If not for last week’s Silicon Valley Bank (SVB) collapse, nearly every tech conversation seems to be centered around AI and chatbots. Over the past few days, Microsoft-backed OpenAI released a new language model called GPT-4. Its competitor Anthropic released the chatbot Claude. Google said it was integrating AI into its Workspace tools like Gmail and Docs. Microsoft Bing has drawn attention to itself with a chatbot-enabled search. The only name missing from the action? Apple.
Last month, the Cupertino-based company held an internal event focused on AI and big language models. According to a New York Times report, many teams, including people working on Siri, routinely test “language-generating concepts.”
People have been complaining about Siri not understanding queries (including mine) for a long time. Siri (and other assistants like Alexa and Google Assistant) failed to understand the different accents and phonetics of people living in different parts of the world, even if they speak the same language.

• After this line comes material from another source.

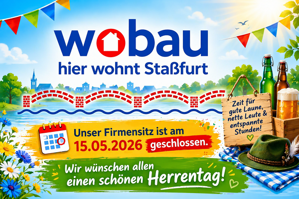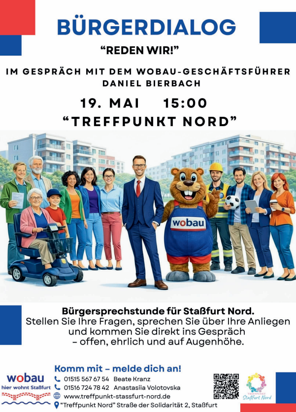 Die WOBAU Staßfurt lädt am 19. Mai herzlich zu einer offenen Gesprächsrunde ein. Eingeladen sind alle Interessierten, die mehr über unser Unternehmen, unsere Arbeit und zukünftige Entwicklungen erfahren möchten oder eigene Fragen und Anregungen einbringen wollen. Im Rahmen der Veranstaltung wird der Geschäftsführer persönlich vor Ort sein und für Gespräche zur Verfügung stehen. Dies bietet eine gute Gelegenheit, direkt in den Austausch zu treten, Einblicke zu gewinnen und unterschiedliche Perspektiven kennenzulernen. Wir freuen uns auf zahlreiche Teilnehmende, spannende Gespräche und einen regen, konstruktiven Austausch.

The new fame of ChatGPT and text search makes it easier for users to interact with different AI models. But currently, the only way to chat with Apple’s AI assistant, Siri, is to enable a feature in Accessibility settings.
In an interview with the NYT, former Apple engineer John Burke, who worked on Siri, said that Apple’s assistant had evolved slowly due to “clunky code”, which made more difficult to update basic functionality. He also mentioned that Siri has a big database with a ton of words. So when engineers needed to add features or phrases, the database had to be rebuilt – a process that reportedly took up to six weeks.
The NYT report did not say whether Apple is building its own language models or wants to adopt an existing model. But just like Google and Microsoft, the company led by Tim Cook would not want to limit itself to offering a chatbot powered by Siri. As Apple has long prided itself on being an ally of artists and creators, it is expected that it will want to apply advances in language models to these areas.
The company has been using AI-powered features for a while now, even if they weren’t apparent at first. This includes better suggestions on the keyboard, processing in photography, unlocking the mask with Face ID, separating objects from the background throughout the system, hand washing and collision detection on Apple Watch and , most recently, the karaoke function on Apple Music. But none of them could be in front as chatbots.
Apple has generally been tight-lipped about its AI efforts. But in January, the company launched a program offering authors AI-powered storytelling services to turn their books into audiobooks. This indicated that the iPhone maker was already thinking about use cases for generative AI. I wouldn’t be surprised if we heard more about the company’s efforts in these areas at the Worldwide Developers Conference (WWDC) in a few months.